The problem is that the current C standard is that of 1999 (C99) - which is not yet officially part of the C++ standard (AFAIK)(*). That means that many of the "nicer" features of C99 (long long int, stdint.h, ...), while supported by many C++ compilers, are not strictly compliant.
"Portable" C means something else entirely, and has little to do with official ISO/ANSI standards. It means that your code does not make assumptions on the host environment. (The size of int, endianess, non-standard functions or errno numbers, stuff like that.)
From a coding style guide I once wrote for a cross-platform project:
Cross-Platform DNA (Do Not Assume)
There are no native datatypes. The only datatypes you might use are those declared in the standard library.
char, short, int and long are of different size each, just like float, double, and long double.
int is not 32 bits.
char is neither signed nor unsigned.
char cannot hold a number, only characters.
Casting a short type into a longer one (int -> long) breaks alignment rules of the CPU.
int and int* are of different size.
int* and long* are of different size (as are pointers to any other datatype).
You do remember the native datatypes do not even exist?
'a' - 'A' does not yield the same result as 'z' - 'Z'.
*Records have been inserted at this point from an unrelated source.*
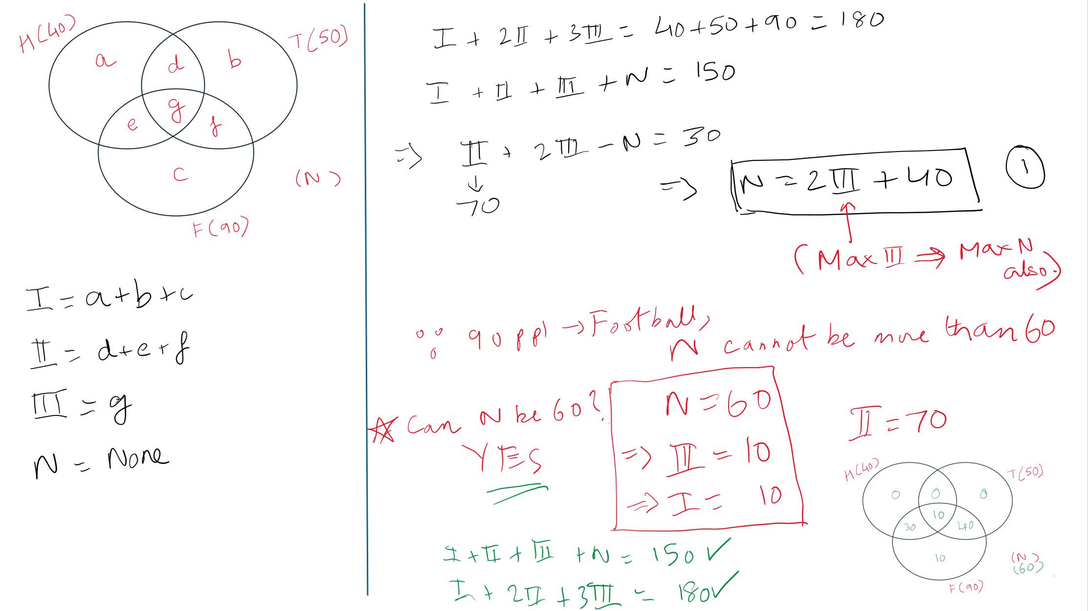 H = Only h + Only h&t + Only h&f + all three = 0 + 0 + Only h&f + 10 = 40........Only h&f = 30
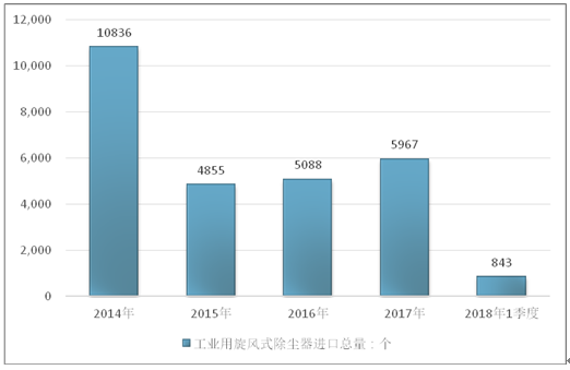 2016年我国工业用旋风式除尘器进口总量5088个 ,2017年进口总量5967个 ;2019年1季度进口总量843个 。
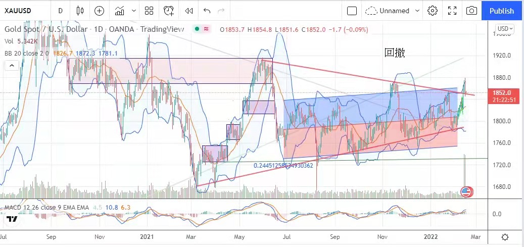 The price of gold retreated from a high level. In the early period, the price of gold continued to rise due to the development of the situation in Eastern Europe. Yesterday, the highest price reached 1,879.6 US dollars, successfully challenging the high in November last year. However, after the news of Russia's withdrawal, some safe-haven funds
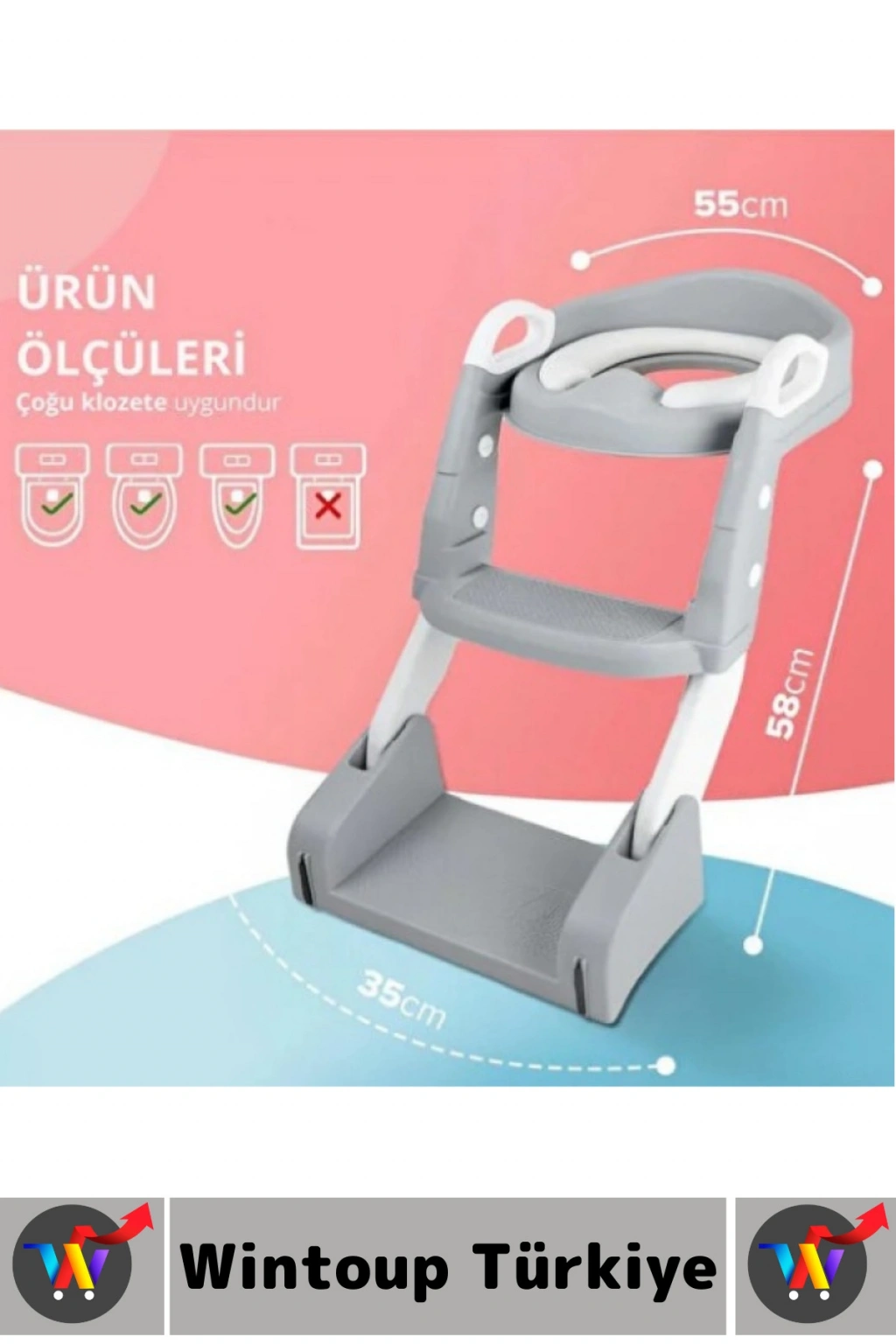 Eğitici Çocuk Özgüven Kazanımı Konforlu Kaymaz Ayarlanabilir Merdiven Klozet Tuvalet Eğitimi Aparatı
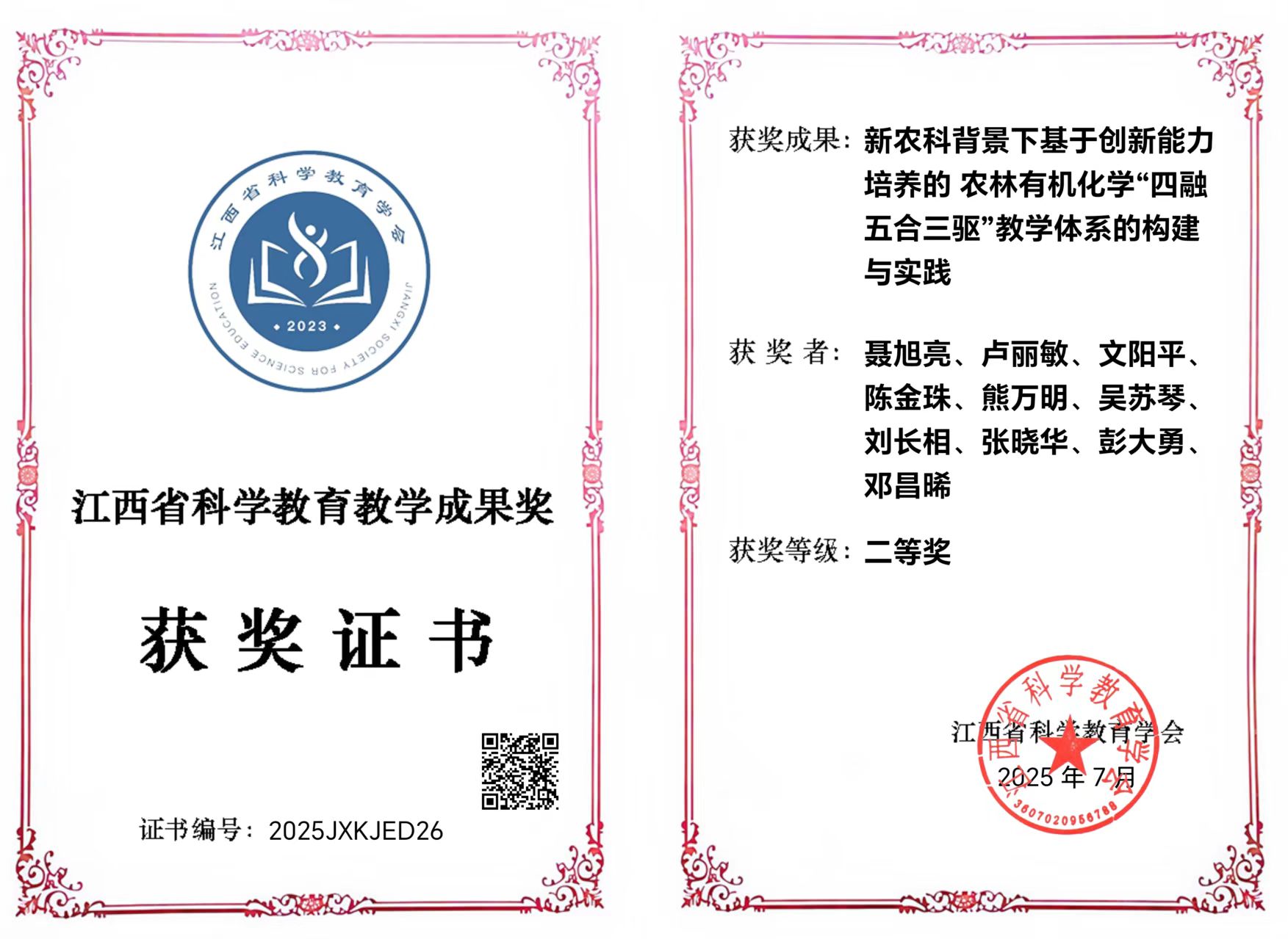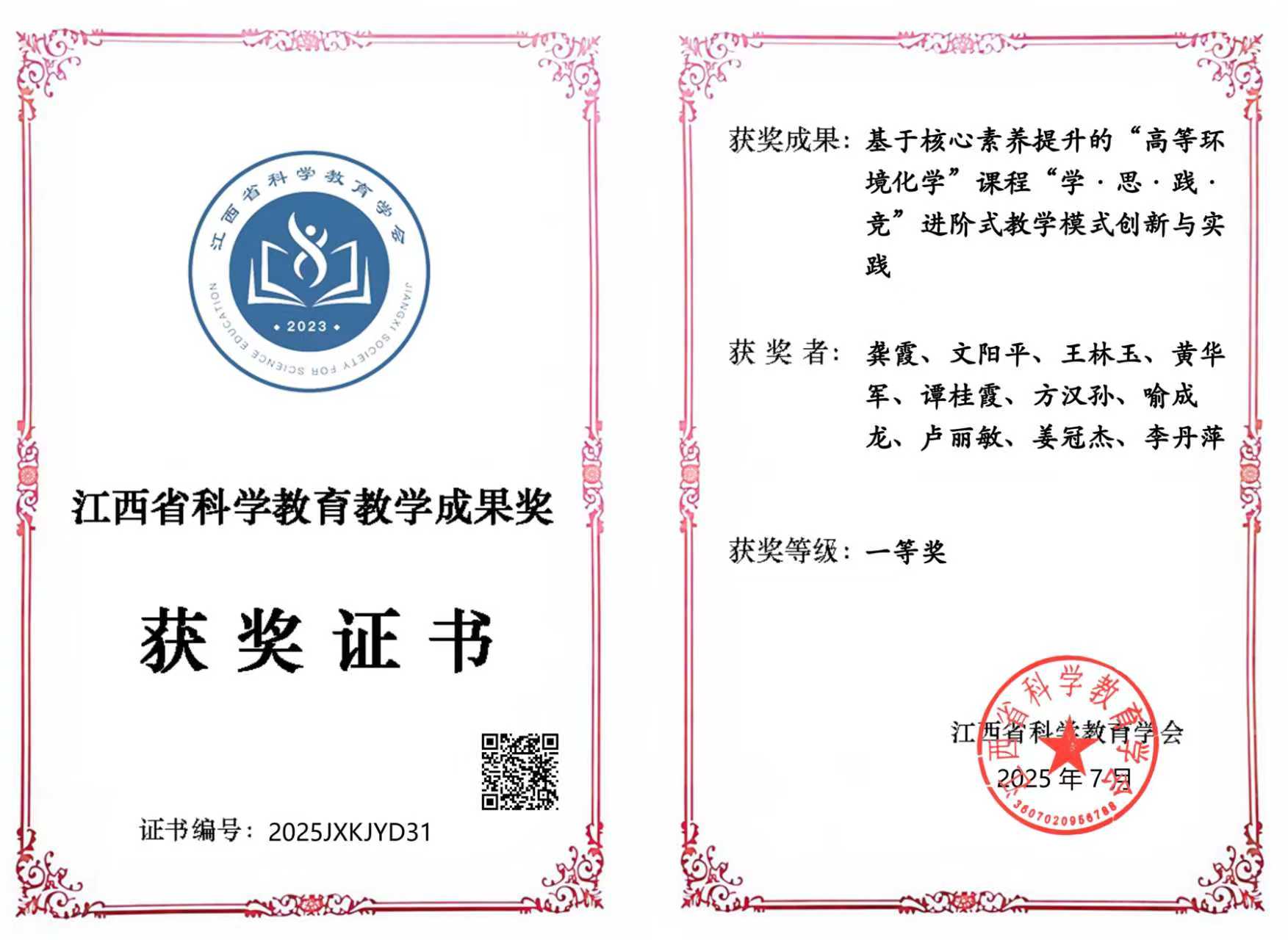 另外,我院3项教学成果获得江西省科学教育学会教学成果奖。其中,龚霞、聂旭亮、刘倩等的教学成果“融合·递进·立体·多元:基础化学课程群育人的江农模式”荣获特等奖,龚霞、文阳平、王林玉等的教学成果“基于核心素养提升的‘高等环境化学’课程‘学·思·践·竞’进阶式教学模式创新与实践”荣获一等奖,聂旭亮、卢丽敏、文阳平等的教学成果“新农科背景下基于创新能力培养的农林有机化学‘四融五合三驱’教学体系的构建与实践”荣获二等奖。

'Z' - 'A' does not yield the same result as 'z' - 'a', and is not equal to 25.
You cannot do anything with a NULL pointer except test its value; dereferencing it will crash the system.
Arithmetics involving both signed and unsigned types do not work.
Alignment rules for datatypes change randomly.
Internal layout of datatypes changes randomly.
Specific behaviour of over- and underflows changes randomly.
Function-call ABIs change randomly.
Operands are evaluated in random order.
Only the compiler can work around this randomness. The randomness will change with the next release of the CPU / OS / compiler.
For pointers, == and != only work for pointers to the exact same datatype.
<, > work only for pointers into the same array. They work only for char's explicitly declared unsigned.
You still remember the native datatypes do not exist?
size_t (the type of the return value of sizeof) can not be cast into any other datatype.
ptrdiff_t (the type of the return value of substracting one pointer from the other) can not be cast into any other datatype.
wchar_t (the type of a "wide" character, the exact nature of which is implementation-defined) can not be cast into any other datatype.
Any ..._t datatype cannot be cast into any other datatype
(*): This was true at the time of writing. Things have changed a bit with C++11, but the gist of my answer holds true.
No. My response Why artificially limit your code to C? has some examples of standards-compliant C99 not compiling as C++; earlier C had fewer differences, but C++ has stronger typing and different treatment of the (void) function argument list.
As to whether there is benefit to making C 'portable' to C++ - the particular project which was referenced in that answer was a virtual machine for a traits based language, so doesn't fit the C++ object model, and has a lot of cases where you are pulling void* of the interpreter's stack and then converting to structs representing the layout of built-in object types. To make the code 'portable' to C++ it would have add a lot of casts, which do nothing for type safety.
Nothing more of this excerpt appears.